Fotografia di Michael S. Nolan, Lindblad Expeditions 

Non fatevi ingannare dalla stazza: i leoni marini maschi sono dei gran mammoni. Uno studio condotto sulle otarie orsine delle Galapagos (l’unica specie di leone marino che vive in zone tropicali) svela che nei primi due anni di vita i cuccioli maschi dipendono dalla madre più delle femmine: consumano più latte, restano vicini alla colonia e si avventurano in mare solo occasionalmente, mentre le loro coetanee si tuffano in acqua molto più spesso. La cosa curiosa è che anche i giovani maschi sarebbero perfettamente in grado di effettuare immersioni: a un anno possono raggiungere la profondità di 10 metri.

Il loro comportamento non deriva nemmeno dalla costante disponibilità di latte, perché le madri spesso lasciano i figli soli anche per giorni interi per andare a caccia di cibo. Eppure, nonostante questo, i leoni marini maschi tendono ad andare a caccia in mare molto meno spesso delle femmine.

“I giovani maschi della colonia nuotano nelle piscine naturali tra gli scogli formate dalla marea, tirano le code delle iguane marine, si riposano, dormono”, dice Paolo Piedrahita, ricercatore presso l’Università di Bielefeld, in Germania, e autore principale dello studio pubblicato sulla rivista

Animal Behaviour: “È incredibile: vedi questi grossi animali, che pesano 40 chili e più, fermi ad aspettare la mamma”.

Immersioni femminili

Piedrahita e i suoi colleghi hanno monitorato i movimenti delle otarie in una piccola isola chiamata Caamaño, proprio al centro delle Galapagos, attaccando dispositivi di registrazione sulle spalle di 93 leoni marini tra uno e due anni di età.
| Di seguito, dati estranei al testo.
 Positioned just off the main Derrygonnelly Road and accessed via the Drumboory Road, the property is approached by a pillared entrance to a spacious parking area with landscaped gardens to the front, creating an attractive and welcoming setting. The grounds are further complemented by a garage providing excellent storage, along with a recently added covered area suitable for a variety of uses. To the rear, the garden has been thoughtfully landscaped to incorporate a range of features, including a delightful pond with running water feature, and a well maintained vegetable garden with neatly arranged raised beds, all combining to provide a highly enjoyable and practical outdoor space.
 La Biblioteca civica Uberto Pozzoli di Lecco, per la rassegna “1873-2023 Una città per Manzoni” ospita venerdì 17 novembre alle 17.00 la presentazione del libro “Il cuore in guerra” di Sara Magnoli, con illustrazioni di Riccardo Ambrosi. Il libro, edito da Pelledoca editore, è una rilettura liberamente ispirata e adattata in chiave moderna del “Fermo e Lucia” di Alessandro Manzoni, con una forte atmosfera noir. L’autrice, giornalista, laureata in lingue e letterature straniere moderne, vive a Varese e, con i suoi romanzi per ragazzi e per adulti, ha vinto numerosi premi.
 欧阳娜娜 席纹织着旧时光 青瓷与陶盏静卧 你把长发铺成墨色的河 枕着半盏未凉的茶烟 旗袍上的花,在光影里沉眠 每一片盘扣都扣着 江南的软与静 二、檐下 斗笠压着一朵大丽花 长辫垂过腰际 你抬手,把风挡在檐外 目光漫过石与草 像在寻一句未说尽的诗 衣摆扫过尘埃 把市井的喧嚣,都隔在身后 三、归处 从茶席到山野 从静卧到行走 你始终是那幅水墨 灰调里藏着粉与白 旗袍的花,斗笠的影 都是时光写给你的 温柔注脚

Per qualche settimana (da una a tre, a seconda dei casi), i dispositivi hanno raccolto informazioni dettagliate sulla loro posizione, rilevando anche quando erano bagnati e quando asciutti, per capire se si avventuravano in mare o rimanevano sulla terraferma.
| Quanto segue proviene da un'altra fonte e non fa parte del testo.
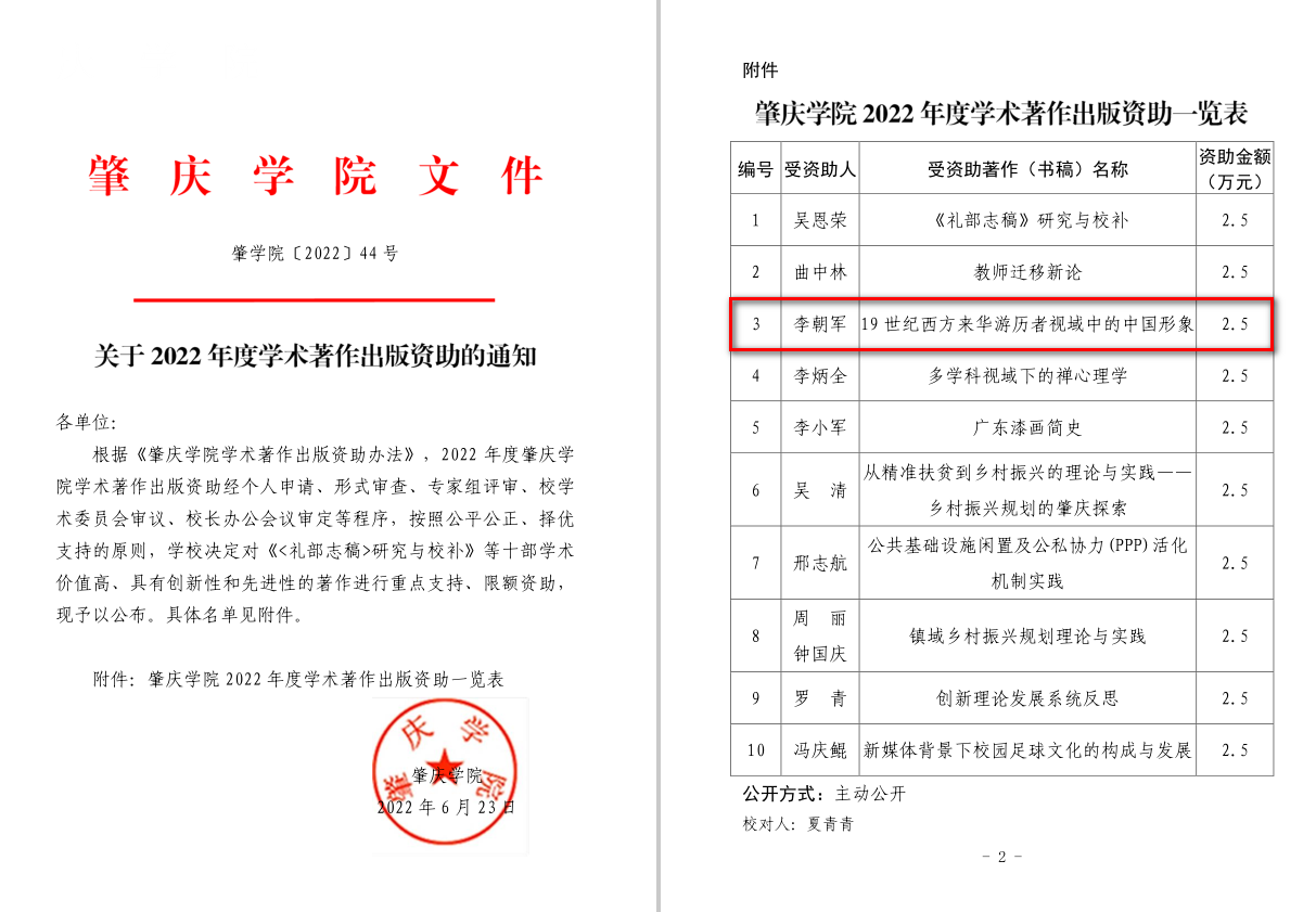 近日,《伟德国际19462022年度学术著作出版资助》名单公布。公司李朝军经理撰写的《19 世纪西方来华游历者视域中的中国形象》荣获立项,该专著因其显著的理论意义和应用价值获得了专家们的一致好评。
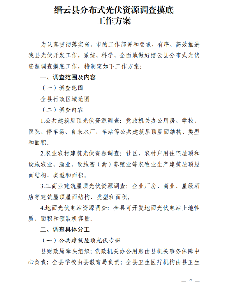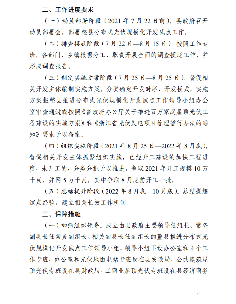 日前,縉云縣人民政府辦公室發(fā)布關(guān)于印發(fā)《縉云縣整縣推進分布式光伏規(guī)?;_發(fā)試點工作方案》《縉云縣分布式光伏資源調(diào)查摸底工作方案》的通知。通知明確,縉云縣整縣推進分布式光伏規(guī)?;_發(fā)試點工作目標任務(wù)為:
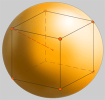 A esfera media pasa polos puntos medios de todas as aristas. O seu diámetro é a distancia entre aristas opostas.
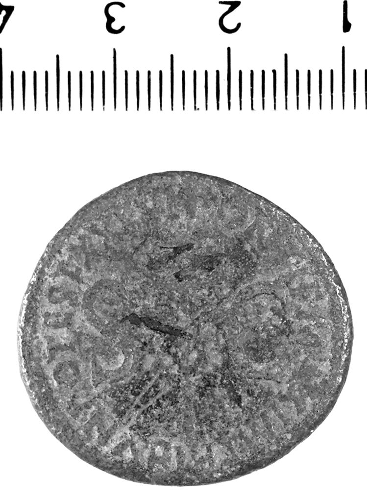 - ISCRIZIONI sul bordo - D/ [TI. CAE]SAR DIVI AUG. F. AUGUST. IMP. VIII R/ PONTIF. MAXIM. TRIBUN. POTEST. XXXVII - lettere capitali - a rilievo - latino

Da qui la scoperta del bizzarro comportamento dei leoni marini delle Galapagos durante il loro periodo critico di sviluppo, ovvero quando “stanno ancora bevendo il latte, ma iniziano a diventare autosufficienti”, dice Piedrahita.

Gli scienziati hanno scoperto che le femmine sono le sub più attive, in ogni fascia di età: a un anno, a un anno e mezzo e a due anni. La disparità tra i generi maggiore è stata riscontrata tra gli esemplari di un anno e mezzo: le femmine raggiungono profondità di almeno 5 metri 52 volte al giorno, ovvero sette volte più spesso dei maschi, che praticano appena sette tuffi al giorno.
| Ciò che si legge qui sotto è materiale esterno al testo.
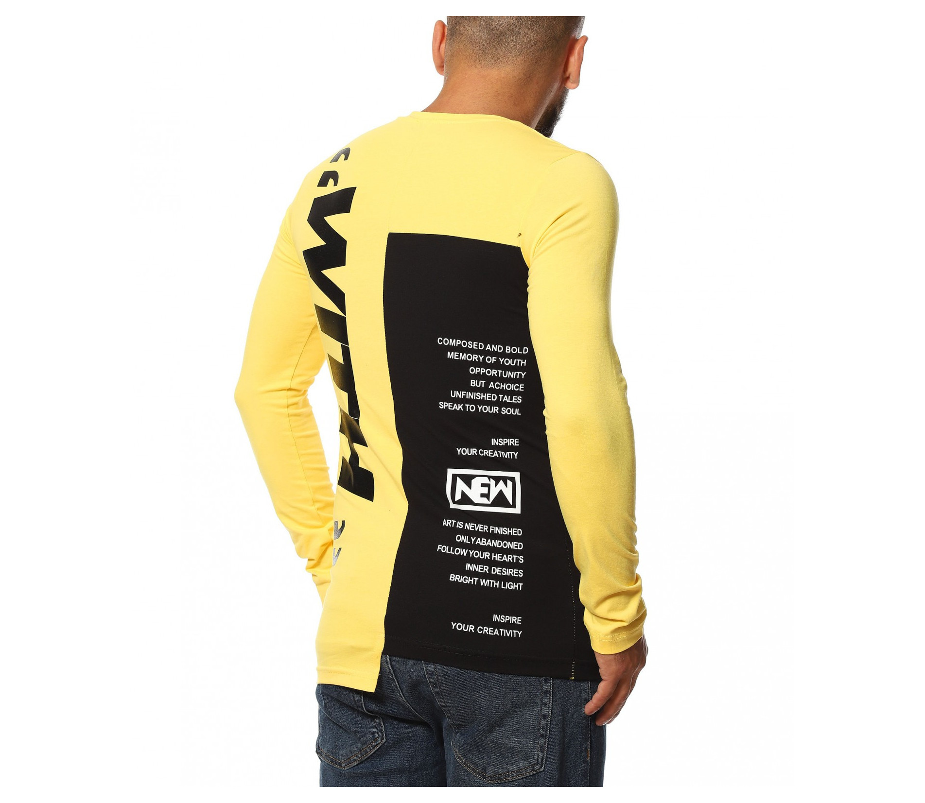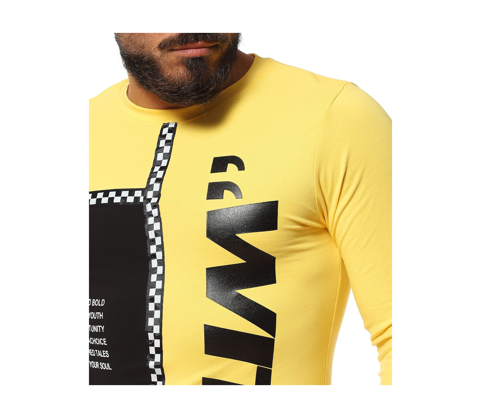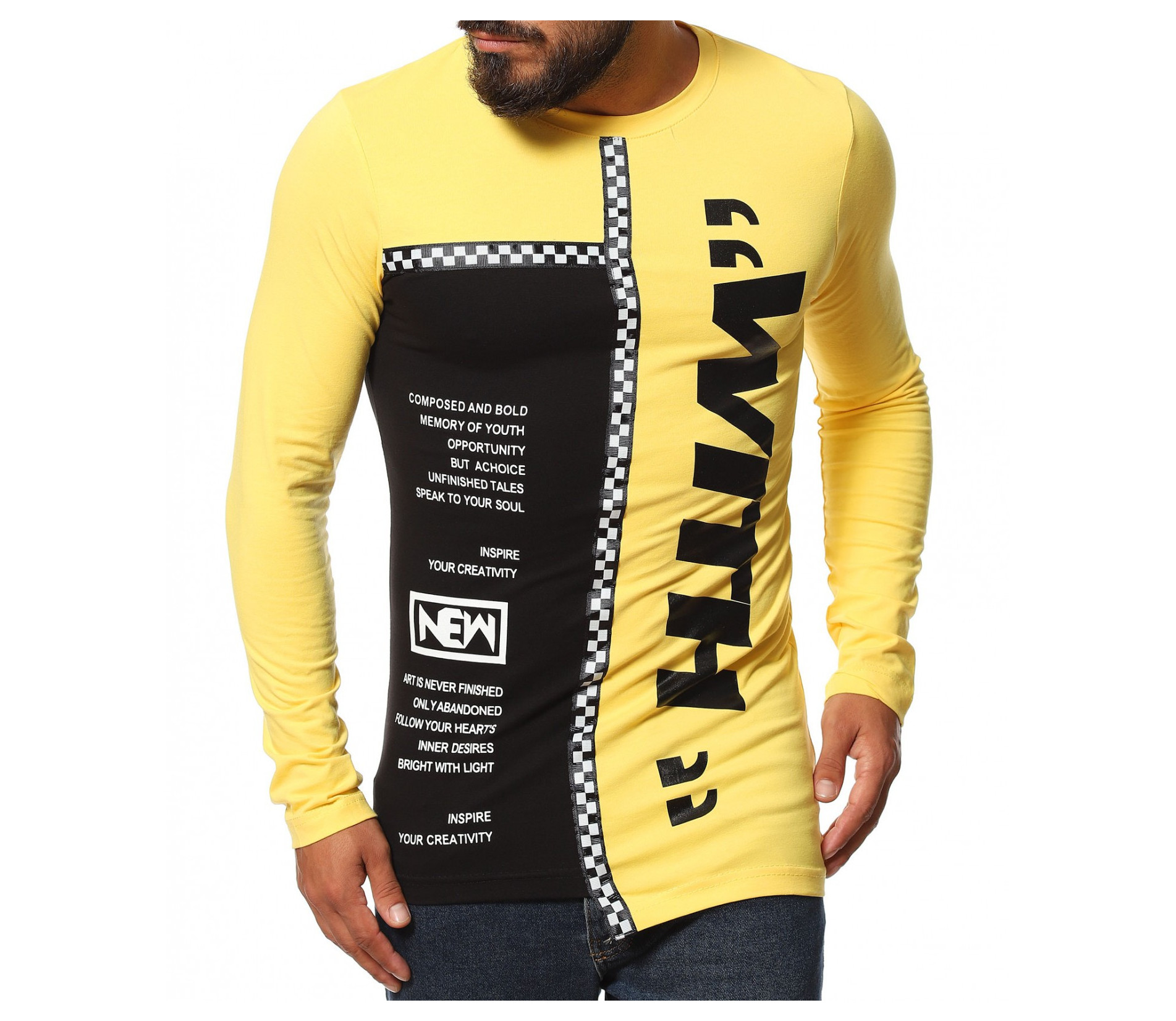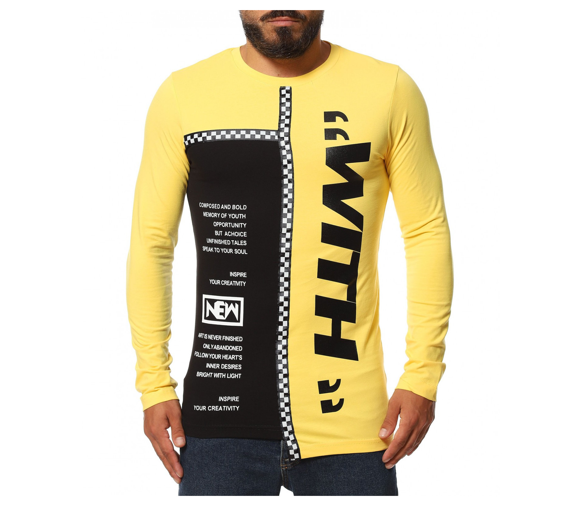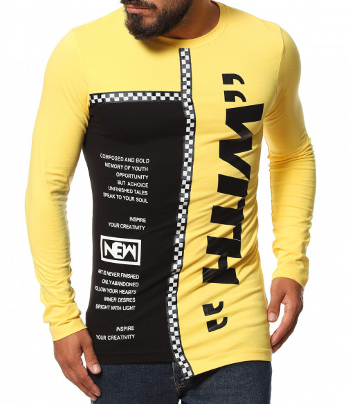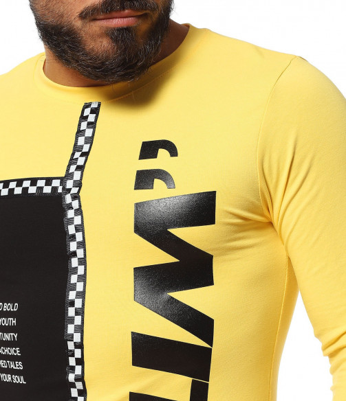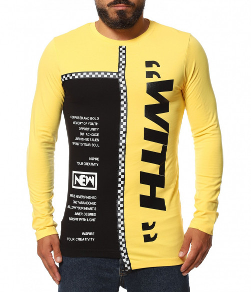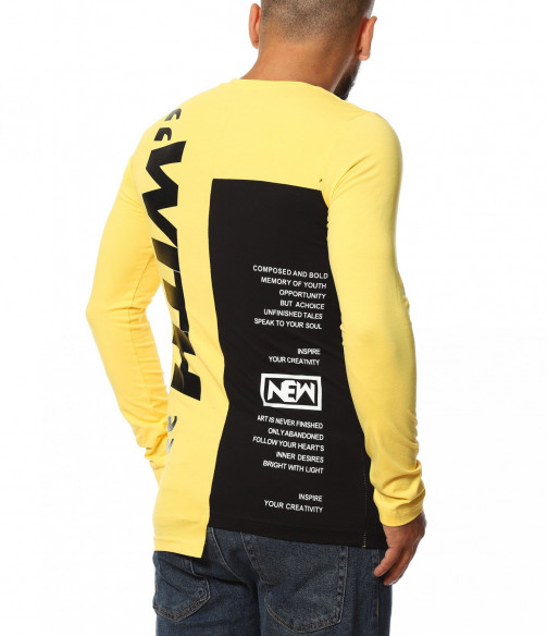 Описание на продукта: Авангарден моделл мжка есенна блуза, изработена  от мека, удобна и еластична материя, прилягаща идеално по тялото. Slim линията изгражда един запомнящ се силует, който е ярко декориран от взаимно допълващи се акценти. Първият от тях е неравномерната дължина, различна от двете страни. Една от страните е иизпъстрена в черен цвят, декориран от контрастни щампи, а другата в по-ярка багра. Върху нея е разположен едър надпис What, коjто допълнително раздвижват дизайнът. двете страни на тениската с дълъг ръкав са разделени от черно бяла лента, елемент вдъхновен от последните модни трендове. Както основата, така и ръкавът са със силно вталена линия. За финал е добавено и семпло овално деколте, което придава нужния баланс между останалите части на тениската. Бъдете екстравагантни, подбирайки ефектни блузи, подходящи както за ежедневен, така и за клубен аутфит.

Le femmine si avventurano anche più lontano, a volte viaggiando per 30 chilometri in mare, mentre i maschi hanno nuotato al massimo fino a 274 metri dalla costa.

I maschi sono un peso?

Tutta questa attività subacquea non era fine a se stessa, naturalmente. Le otarie che passavano più tempo in mare seguivano una dieta più ricca di pesce e meno di latte: gli scienziati l’hanno scoperto misurando una tipica “firma chimica” della composizione delle diete, il rapporto tra diversi isotopi di azoto presente nelle pinne di 23 tra giovani otarie e madri. “Facile dedurre che allattare un piccolo che non ama cacciare comporti un grave dispendio di energia per la madre”, sostiene Pedrahita, “fino a mettere in pericolo la sua vita o la sua capacità di avere altri piccoli”.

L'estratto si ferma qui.